* **Given data**
· · · · ·
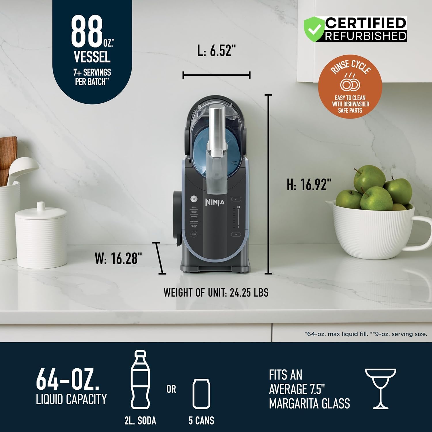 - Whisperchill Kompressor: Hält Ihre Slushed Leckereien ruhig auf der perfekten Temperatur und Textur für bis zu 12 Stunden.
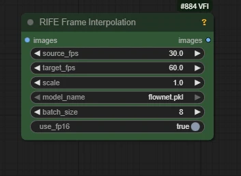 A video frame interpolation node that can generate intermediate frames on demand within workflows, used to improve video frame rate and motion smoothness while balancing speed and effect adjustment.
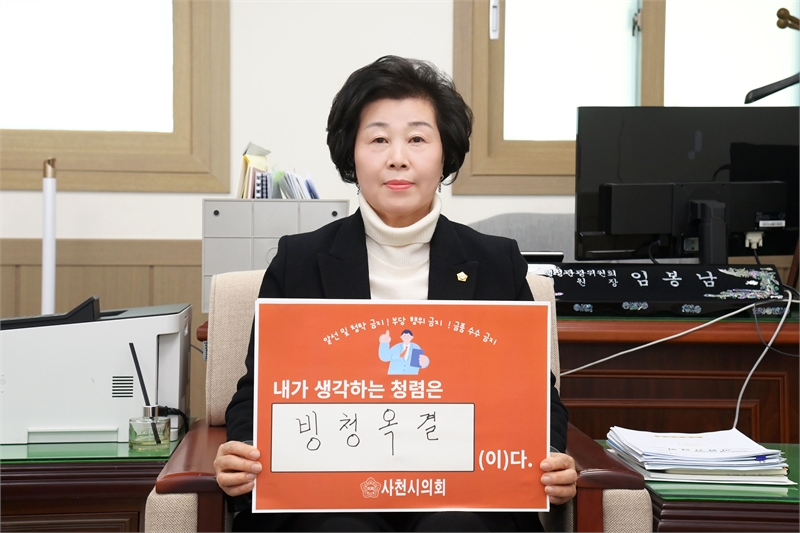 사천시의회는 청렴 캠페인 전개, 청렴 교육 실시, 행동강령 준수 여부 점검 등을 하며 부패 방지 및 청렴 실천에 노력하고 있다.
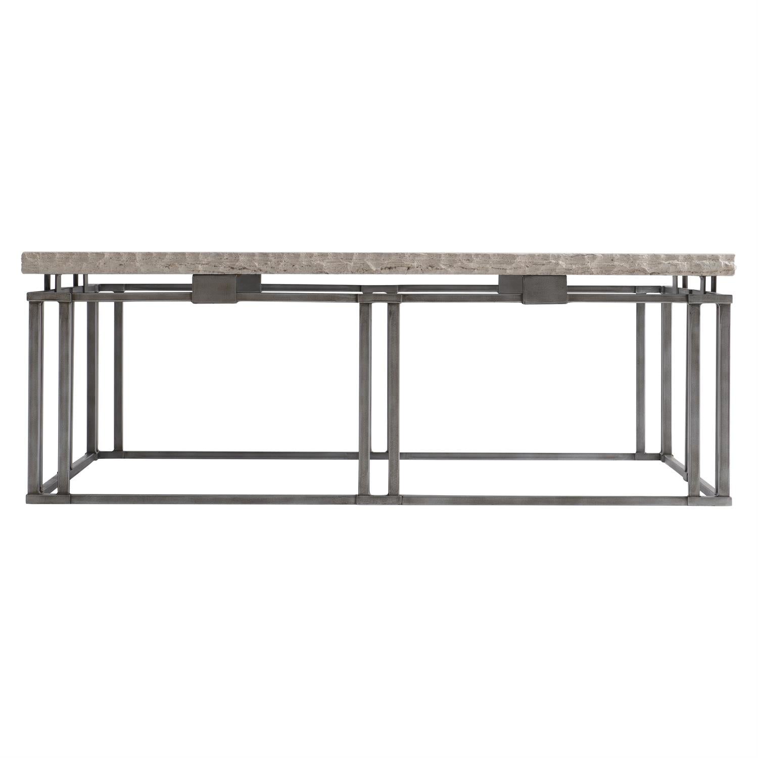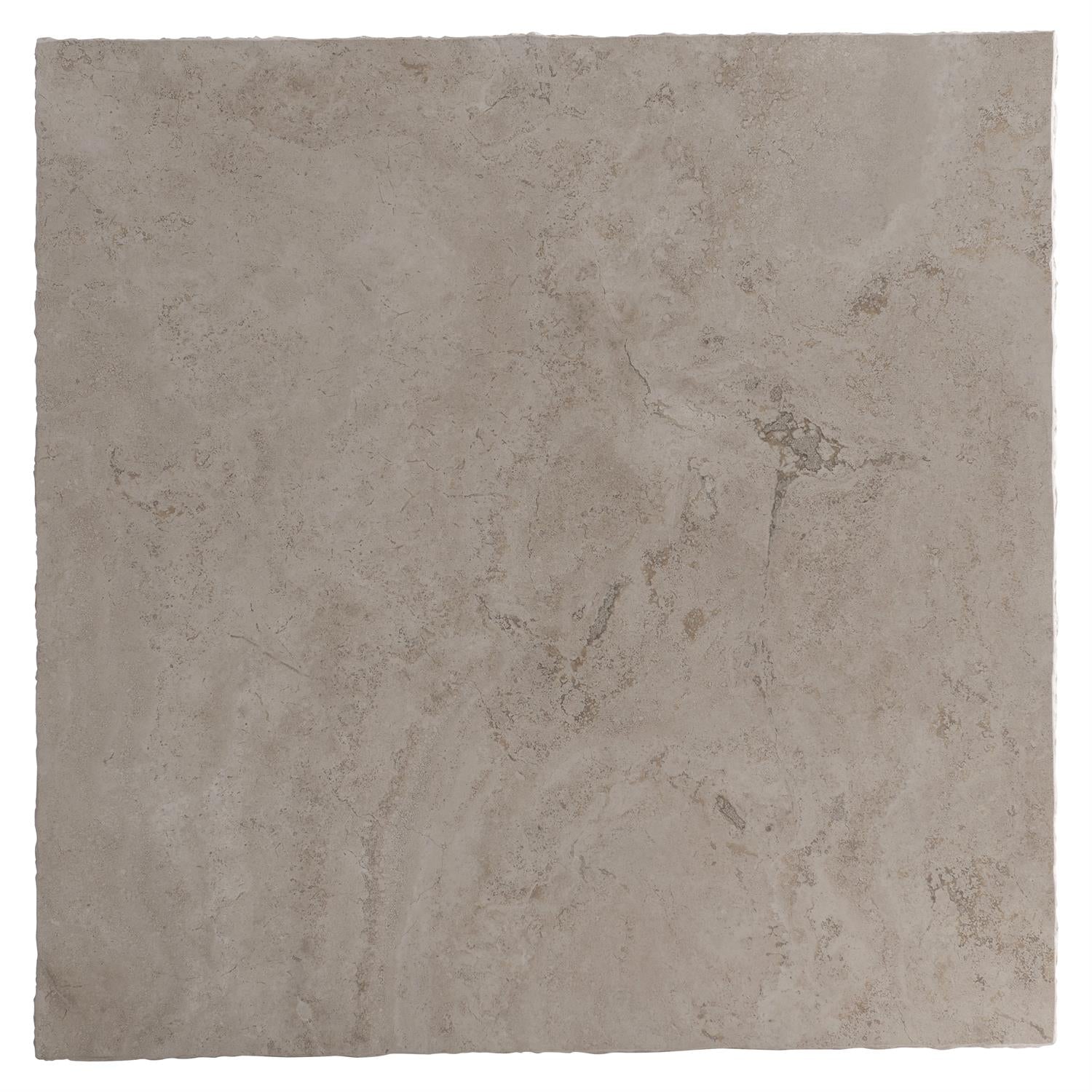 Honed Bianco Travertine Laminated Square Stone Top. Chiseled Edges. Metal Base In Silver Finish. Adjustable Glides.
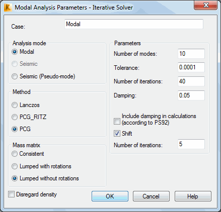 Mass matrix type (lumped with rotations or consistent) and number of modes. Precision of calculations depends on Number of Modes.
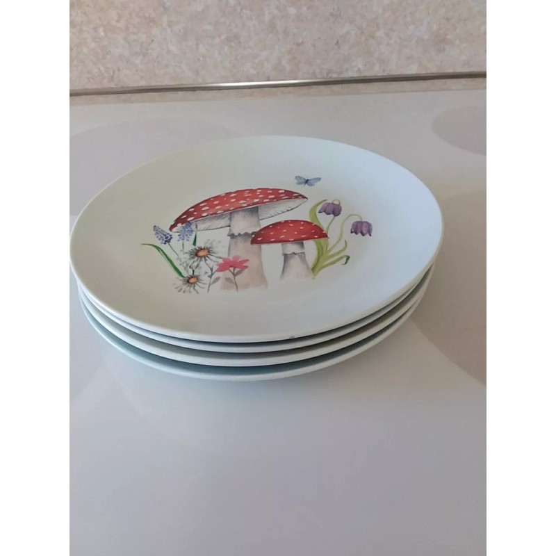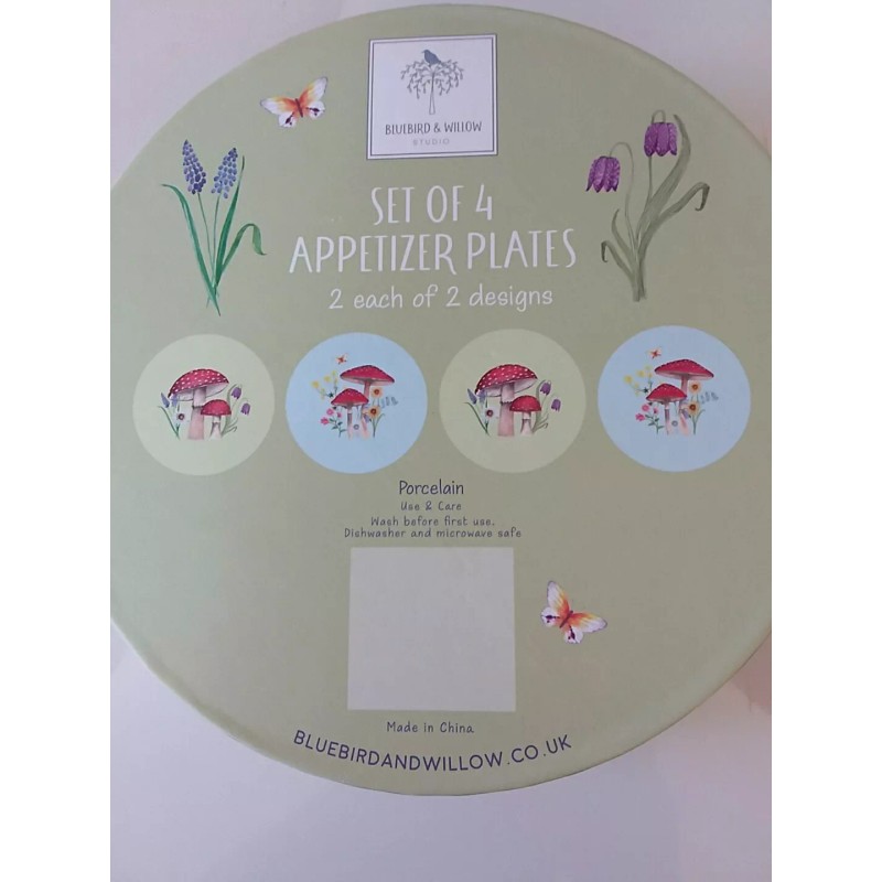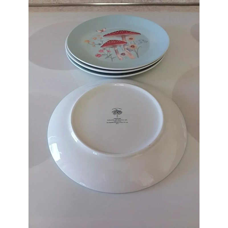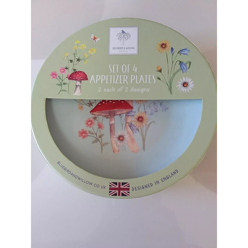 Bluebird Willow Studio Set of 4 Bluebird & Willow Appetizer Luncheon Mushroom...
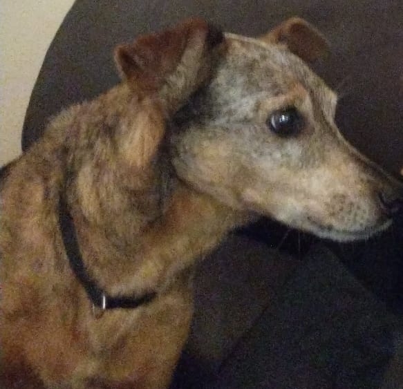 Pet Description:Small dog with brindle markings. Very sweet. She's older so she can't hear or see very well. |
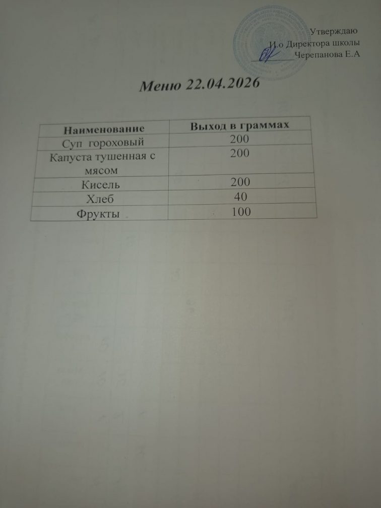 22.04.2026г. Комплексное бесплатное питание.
· · · · ·
* **Task item**
The entries above need to be transcribed exactly, with the images left out.

* **Solution for this task**
 - Whisperchill Kompressor: Hält Ihre Slushed Leckereien ruhig auf der perfekten Temperatur und Textur für bis zu 12 Stunden.
 A video frame interpolation node that can generate intermediate frames on demand within workflows, used to improve video frame rate and motion smoothness while balancing speed and effect adjustment.
 사천시의회는 청렴 캠페인 전개, 청렴 교육 실시, 행동강령 준수 여부 점검 등을 하며 부패 방지 및 청렴 실천에 노력하고 있다.
 Honed Bianco Travertine Laminated Square Stone Top. Chiseled Edges. Metal Base In Silver Finish. Adjustable Glides.
 Mass matrix type (lumped with rotations or consistent) and number of modes. Precision of calculations depends on Number of Modes.
 Bluebird Willow Studio Set of 4 Bluebird & Willow Appetizer Luncheon Mushroom...
 Pet Description:Small dog with brindle markings. Very sweet. She's older so she can't hear or see very well. |
 22.04.2026г. Комплексное бесплатное питание.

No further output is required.